# Upgrading my EOS 1300D



## Posledni (Aug 2, 2020)

Hello,

I decided to upgrade my EOS 1300D (my first DSLR) because it's focusing and a display limits me. I especially shoot portraits. I was browsing web and i found 3 models: 
1. (NEW) EOS 250D features eye focus and Digic 8 processor, but feels kinda wierd (small) in my hands.
2. (NEW) EOS M50, but i never expirienced mirrorless camera and i could not use my lens without adapter.
3. (USED) EOS 77D, older but still good nowdays or that's what i think. Used costs like new 250D, but i don't know if I would miss eye focus that 250D has. 

Anyone expirienced these cameras? What would you recommend me?

Thanks


----------



## photoflyer (Aug 8, 2020)

I went from the T5 to a 6D Mark II and then got a T7i for travel and crop sensor.  The T7i is internally a 77D from what I have read.  The T7i, for me was supposed to be a stopgap until the 7DMark III came out but it has performed so well, that I have not replaced it.

I really like the top LCD layout.

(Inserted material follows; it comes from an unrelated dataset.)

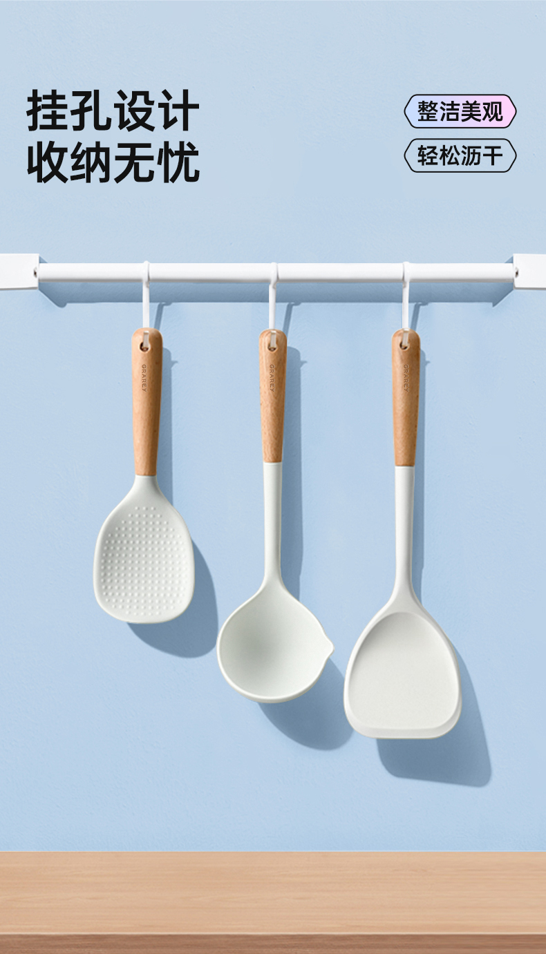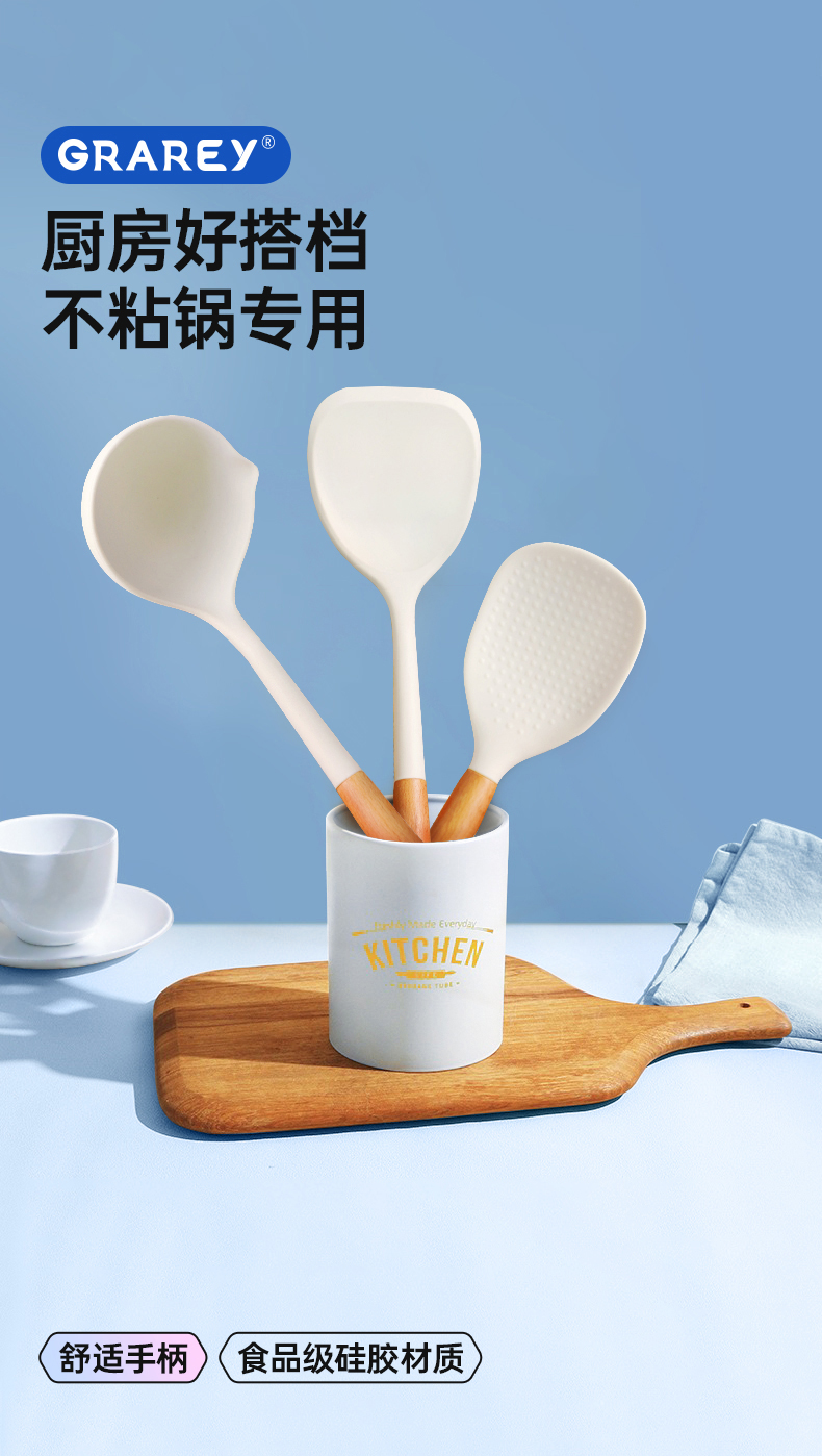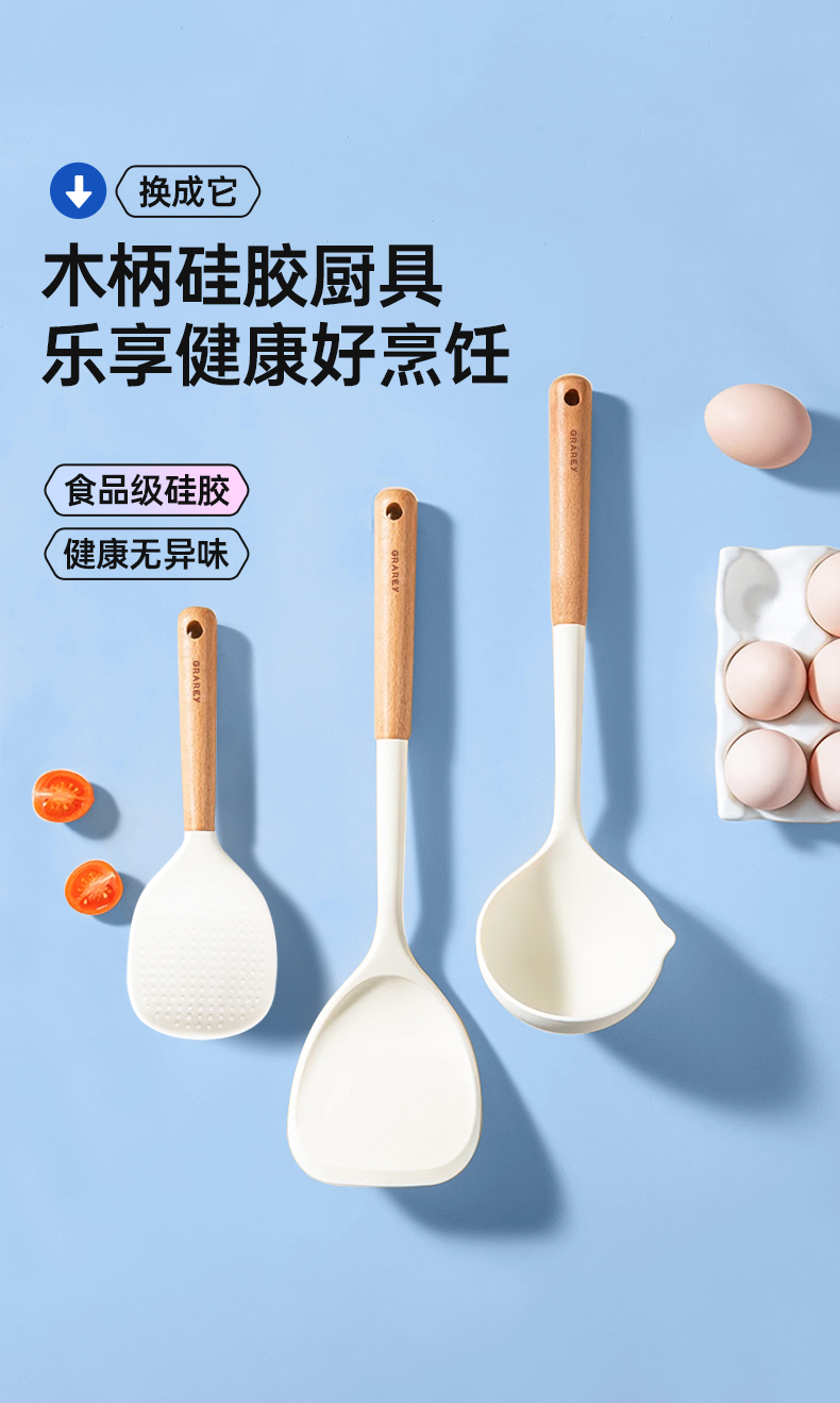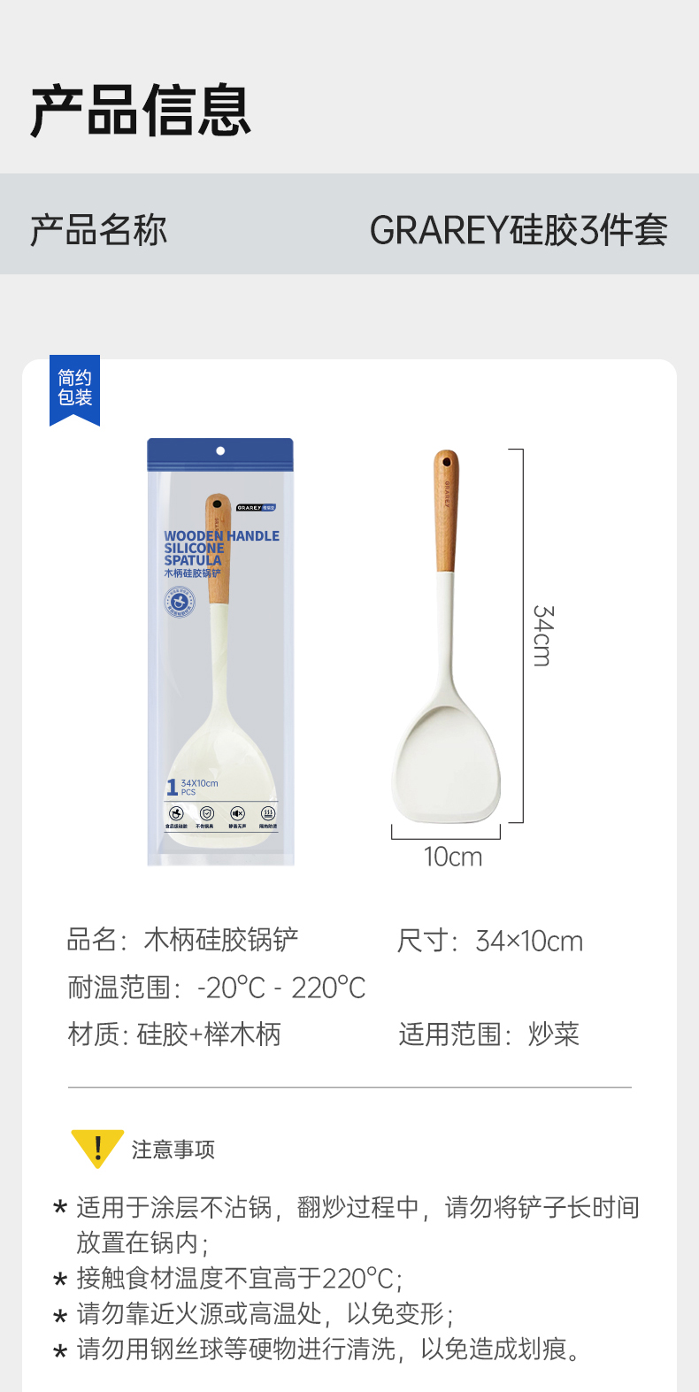 Grarey 格瑞亚 硅胶三件套 饭勺锅铲汤勺 榉木手柄 食品级可接触材质

The 77D has one. I have three cameras with it.   I am about to get an R6 and that is the one feature I wish it had.

Of the options you presented, the 77D would be my choice.  If you're willing to spend a bit more, the 80D is also internally the same but I think a bit more rugged. That has value for me.


----------



## SuzukiGS750EZ (Aug 8, 2020)

77D for sure. You can grow into that and still have latitude once you peak with the camera. I went from a Digital Rebel XTI to an 80D and now to a 5D IV. I don't own the rebel anymore but shoot with the other two. The 5D IV is my favorite.


----------



## CharlesF (Oct 3, 2020)

Of those choices, the 77D is by far the best choice, in my opinion.  I jumped from an 1100D to a 60D, so a similar progression, a few years ago. I now have a full frame 6D. All but the 100D were bought used. And if you think you will one day upgrade to a full frame DSLR, buy EF rather than EF-S lenses to future proof you. Some say SLRs are being superseded by mirrorless, but mirrorless isn't for everyone. You can also adapt EF lenses to mirrorless easily.


----------



## Original katomi (Oct 4, 2020)

Hiya the 250d is quite old tech now, I went from the 1100d to 600d I would go with the 77d
As others have said if you get ef lenses you can upgrade to ff camera later as and when


----------



## Space Face (Oct 4, 2020)

Look at some of the portraits that Dan Ostregen on here takes with his old 5D MK1.  They are fantastic. Worth considering any of the 5D's dependent on your budget.


----------